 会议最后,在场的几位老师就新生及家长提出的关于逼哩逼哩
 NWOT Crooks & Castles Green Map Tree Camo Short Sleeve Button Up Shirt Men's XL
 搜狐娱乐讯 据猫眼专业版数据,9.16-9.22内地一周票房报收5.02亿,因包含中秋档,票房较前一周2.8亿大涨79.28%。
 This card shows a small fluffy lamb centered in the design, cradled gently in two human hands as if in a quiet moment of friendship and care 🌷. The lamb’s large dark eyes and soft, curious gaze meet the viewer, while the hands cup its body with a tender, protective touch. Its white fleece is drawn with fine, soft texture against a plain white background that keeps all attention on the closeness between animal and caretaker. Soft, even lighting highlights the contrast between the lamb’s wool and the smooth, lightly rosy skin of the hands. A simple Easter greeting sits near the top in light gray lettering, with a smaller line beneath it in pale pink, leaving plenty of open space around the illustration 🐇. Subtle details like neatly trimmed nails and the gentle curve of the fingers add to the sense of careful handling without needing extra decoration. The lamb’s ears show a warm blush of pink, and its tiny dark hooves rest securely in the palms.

* * *

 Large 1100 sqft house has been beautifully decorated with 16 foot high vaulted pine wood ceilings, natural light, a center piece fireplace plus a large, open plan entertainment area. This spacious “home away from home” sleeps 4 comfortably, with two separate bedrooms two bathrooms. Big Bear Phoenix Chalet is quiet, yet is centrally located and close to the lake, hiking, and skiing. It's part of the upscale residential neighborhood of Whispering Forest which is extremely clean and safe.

Task:
Given the data above, transcribe exactly the lines from the one containing "会议最后,在场的几位老师就新生及家长提出的关于逼哩逼哩" down to the one containing "This card shows", and no others.

Expected output:
 会议最后,在场的几位老师就新生及家长提出的关于逼哩逼哩
 NWOT Crooks & Castles Green Map Tree Camo Short Sleeve Button Up Shirt Men's XL
 搜狐娱乐讯 据猫眼专业版数据,9.16-9.22内地一周票房报收5.02亿,因包含中秋档,票房较前一周2.8亿大涨79.28%。
 This card shows a small fluffy lamb centered in the design, cradled gently in two human hands as if in a quiet moment of friendship and care 🌷. The lamb’s large dark eyes and soft, curious gaze meet the viewer, while the hands cup its body with a tender, protective touch. Its white fleece is drawn with fine, soft texture against a plain white background that keeps all attention on the closeness between animal and caretaker. Soft, even lighting highlights the contrast between the lamb’s wool and the smooth, lightly rosy skin of the hands. A simple Easter greeting sits near the top in light gray lettering, with a smaller line beneath it in pale pink, leaving plenty of open space around the illustration 🐇. Subtle details like neatly trimmed nails and the gentle curve of the fingers add to the sense of careful handling without needing extra decoration. The lamb’s ears show a warm blush of pink, and its tiny dark hooves rest securely in the palms.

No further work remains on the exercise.